Функционирует при финансовой поддержке Министерства цифрового развития, связи и массовых коммуникаций Российской Федерации

Булгаков и колдуны

Сергей (Серго) Евгеньевич Акчурин родился в 1952 году в Москве. Окончил Высшие литературные кур­сы при Литературном институте имени А.М. Горь­кого. Первые рассказы опубликовал в 26 лет в журнале «Литературная учеба» с предисловием Юрия Трифонова. Написал сценарии для двух филь­мов: «Все могло быть иначе» и «Диссидент». Автор книг «Воздушный человек» (1989), «Повести» (2000), «Ма-Джонг» (2014), романа «Божествен­ное стадо» (2018). Печатался в жур­на­лах, коллективных сборниках. Лауреат различных конкурсов. Член Союза писателей России. Живет в Москве.

К 50-летию первой публикации
«Мастера и Маргариты»
в журнале «Москва»


1

Степень «заражения» человека теми или иными книгами бывает разная, формы, кажется, неисчерпаемы. А может быть, это что-то совсем другое... Вот пример из жизни.

Михаил Владимирович Булгаков, врач, москвич в нескольких поколениях, считал известного писателя Михаила Афанасьевича Булгакова своим однофамильцем. И никак не наоборот.

Как и у каждого человека, у Михаила Владимировича была своя теория жизни, времени и пространства, и, согласно своему взгляду на мир, Михаил Владимирович полагал, что писатель, Михаил Афанасьевич, — непонятно кто, но с его фамилией, по роковой случайности, родился и прожил жизнь раньше него самого, а сам он, как видимо, несколько запоздал. Почему так произошло — загадка, разгадывать которую Михаил Владимирович, собственно, и не собирался.

Взявшись однажды и разом проглотив все написанное Михаилом Афанасьевичем, Михаил Владимирович с непонятной, ноющей скукой в душе даже не понял, но обнаружил, что все эти тексты написал он, Михаил Владимирович Булгаков. То есть не совсем он, а родившийся раньше он. Как-то вроде того. Уверенность эта исходила из очевидной вещи: все сочинения известного писателя он прочитал как свои, ничего нового не узнал, только старое и известное, мало того, как на ладони увидел все погрешности, ошибки и натяжки, выдумки, удачи и трудно дающиеся сведения концов с концами. К тому же он почувствовал глубокую усталость от прочитанного, как если бы через много лет стал перечитывать то, над чем работал долго, упорно, скрупулезно и самоотверженно, но много-много времени назад. Все тексты как будто уже были у него в голове, и он только освежил память, вспомнив некоторые нюансы, упущенные с годами.

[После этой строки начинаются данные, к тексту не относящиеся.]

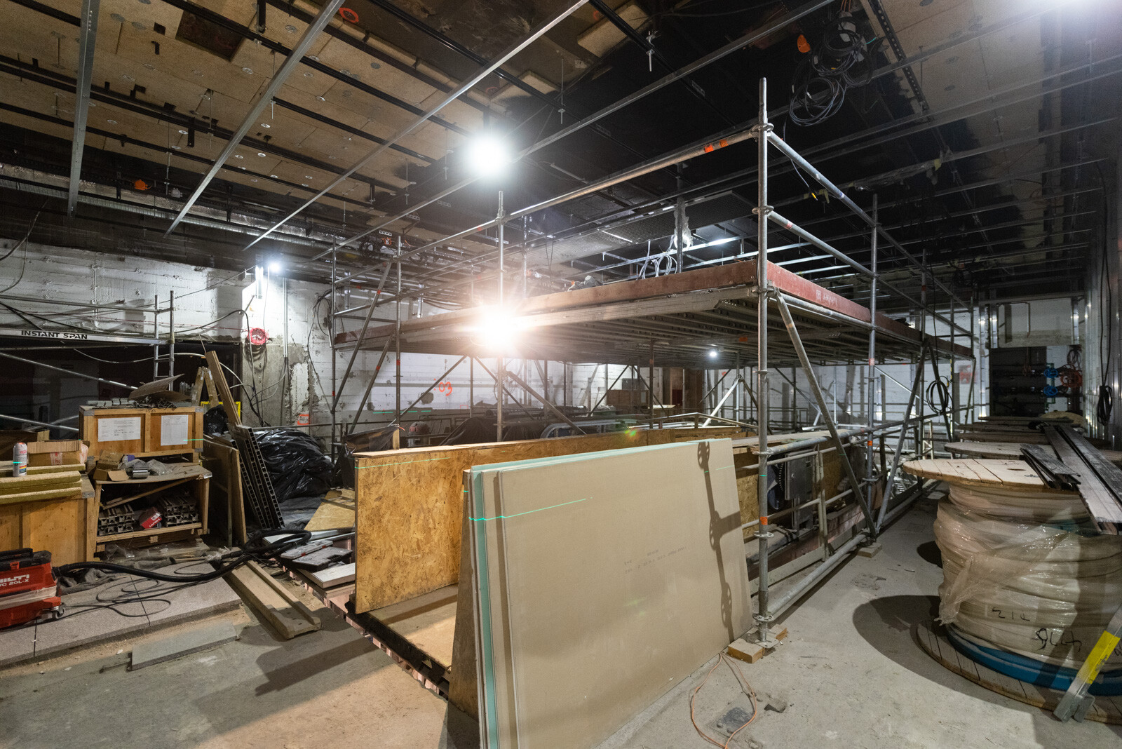 A SWIETELSKY Építő Kft. szakemberei már az álmennyezet és az akusztikai burkolatok építését végzik, illetve zajlik az oldalfal másodlagos tartószerkezetének építése is.

«Н-да, неплохо тут получилось... — шептал Михаил Владимирович, перелистывая страницы и водя пальцем по знакомым фразам. — А вот здесь так и не удалось... Банально... Эх, надо было бы внести исправления... Несостыковка... Поверят не поверят?.. А, Бог с ним, главное — читается, а дураки все равно не поймут!.. Да-а, — задумчиво и несколько самодовольно произносил Михаил Владимирович, захлопывая толстую книгу, — а что, порядочную слил пулю!..»

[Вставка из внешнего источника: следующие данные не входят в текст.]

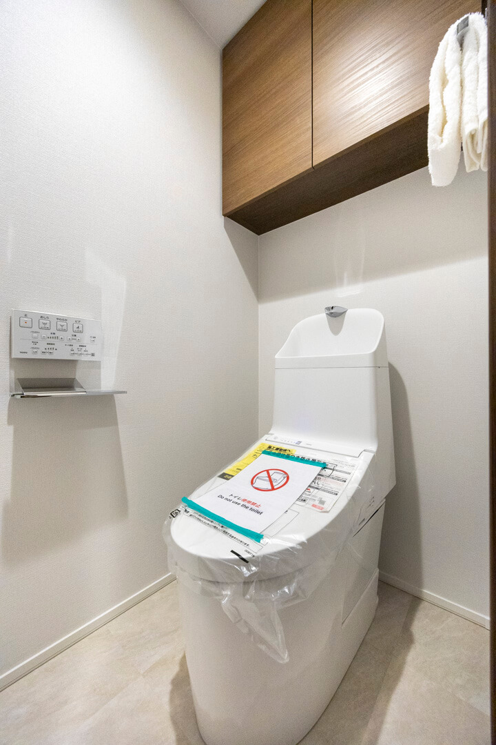 廊下に面していて独立性の高いレストルーム。TOTO製の洗浄機能付トイレに交換済みです。水栓部分とペーパーホルダーがシルバーで統一されていて、スタイリッシュ。トイレットペーパーや掃除用品は吊戸棚に収納でき、生活感が出る部分を目隠しできます。
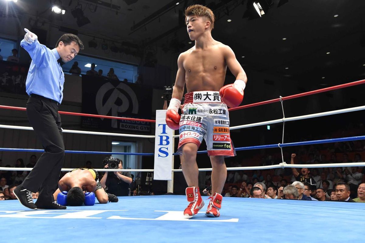 まだ4回戦の新人がなかなか打てるような左アッパーではない。初回途中に一度顔を跳ね上げ、タイミングをつかんでいたのだろう。塚田が出てきたラウンド終了間際、その入り際をものの見事に捉え、ガクリとヒザを着かせた。相手の攻めはダッキングやブロッキングでしっかりかわすなど、試合運びは実に冷静。2回のフィニッシュもロープ際で迎え撃ち、この試合、3発目の左アッパーを決める。ゆっくりと塚田が崩れ落ちるのと同時、レフェリーがストップした。

Попутно Михаил Владимирович побывал на нескольких постановках Булгакова в московских театрах, где мысленно говорил актерам, что «в этом вот месте совершенно не та интонация — я здесь имел в виду абсолютно другое», «ну и состряпали персонаж — полная отсебятина!», «зачем так кричать со сцены? восклицательный знак — это еще не крик», «кажется, даже не умудрились внимательно прочитать в этом месте»... Дома же, после посещения спектаклей, Михаил Владимирович открывал книгу с пьесой или романом и делал кое-какие поправки и замечания карандашом — так, для актеров, на случай... Кстати, прозу свою он помнил до знаков и встретил в изданных сочинениях множество не своих запятых, прибавленных неизвестной рукой; в других же местах обнаружил отсутствие оных, хотя отчетливо знал, что знаки в его последней, личной редакции здесь присутствовали. «Вот самодеятели! Варварство!»

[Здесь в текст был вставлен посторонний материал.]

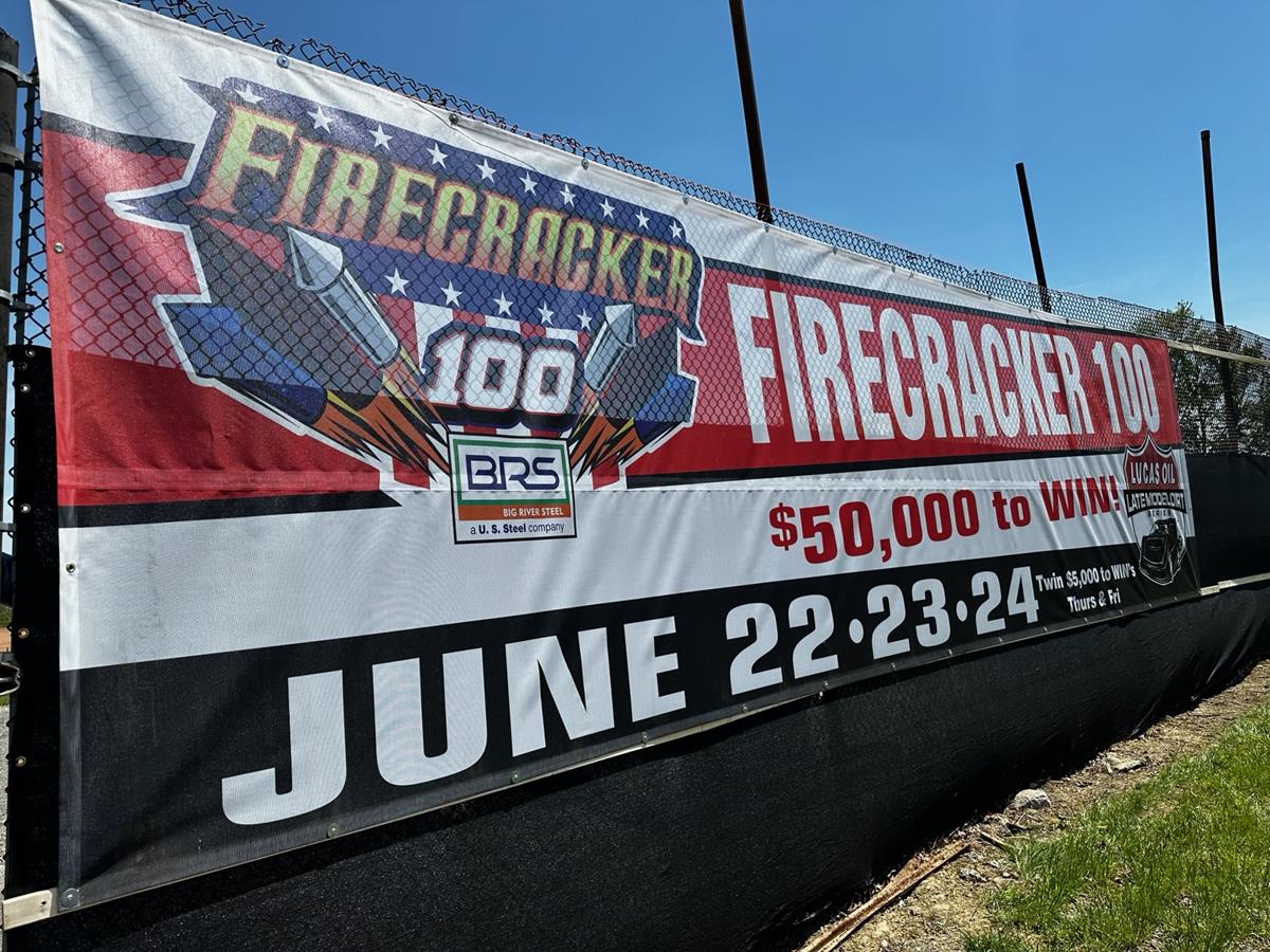 Sarver, PA (May 24, 2023) We are now less than a month away from one of the most anticipated weekend's of the year in our area as the 17th Annual Firecracker 100 presented by Big River Steel moves closer to taking over The Action Track June 22-24! The stars of the Lucas Oil Late Model Dirt Series return to take on the best from the area and beyond with three straight nights of racing with complete racing programs on June 22 and 23 featuring twin $5,000-to-win feature races and on Saturday, June 24, another complete night of racing culminating in the $50,000-to-win, 100-lap Firecracker 100.

Побывал Михаил Владимирович и в знаменитом подъезде на Спасской — и что же? Да ничего ровным счетом, ничего, побывал как будто бы у себя в старой квартире, в старом подъезде, где жил когда-то давно. Зашел в подъезд — зевнул, прикрывая ладонью рот, поднялся в квартиру — тоже зевнул, не обращая внимания на окружающее, и — ушел. Даже не споткнувшись ни на одной из ступенек.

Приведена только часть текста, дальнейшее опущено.